The OP’s main question has already been resolved in the comments. The following is a long comment addressing OP’s follow-up question in comments, namely, we show that under AC, we can construct a function $f: \mathbb{R} \to \mathbb{R}$ s.t. $f(A) = \mathbb{R}$ for any $A \subset \mathbb{R}$ with positive measure.

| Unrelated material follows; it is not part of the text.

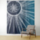 White Sun Moon Mandala Blue Gradient Design Tapestry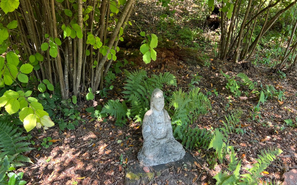 Yesterday I walked along the fairy trail. It was raining an hour before, and then the sun came out though I was sheltered in an Oakwood Valley of ferns, trees, and streams. It felt magical and now I peruse the photos and see images in the water, trees, moss, and lichen to explore.When I returned home I saw the camellia bush offering buds and blooms.

Let $\mathfrak{c}$ be the cardinality of $\mathbb{R}$. Let $(r_\lambda)_{\lambda < \mathfrak{c}}$ be an enumeration of $\mathbb{R}$ in which every element appears $\mathfrak{c}$ many times. (This can be arranged, for example, by fixing a bijection $\iota: \mathfrak{c} \to \mathbb{R} \times \mathbb{R}$ and let $r_\lambda$ be the first coordinate of $\iota(\lambda)$.) Recall that the collection of all Borel sets has cardinality $\mathfrak{c}$, so the same holds for the collection of all Borel sets with positive measure. Let $(A_\lambda)_{\lambda < \mathfrak{c}}$ be an enumeration of such sets.
We now construct, through transfinite induction, a function $f_\lambda$ for each $\lambda < \mathfrak{c}$ s.t., for each $\lambda$, $f_\lambda$ is a function defined on a subset of $\mathbb{R}$ of cardinality smaller than or equal to $\max\{\aleph_0, |\lambda|\}$, and has codomain $\mathbb{R}$. Furthermore, $f_\lambda \subset f_\kappa$ whenever $\lambda \leq \kappa < \mathfrak{c}$.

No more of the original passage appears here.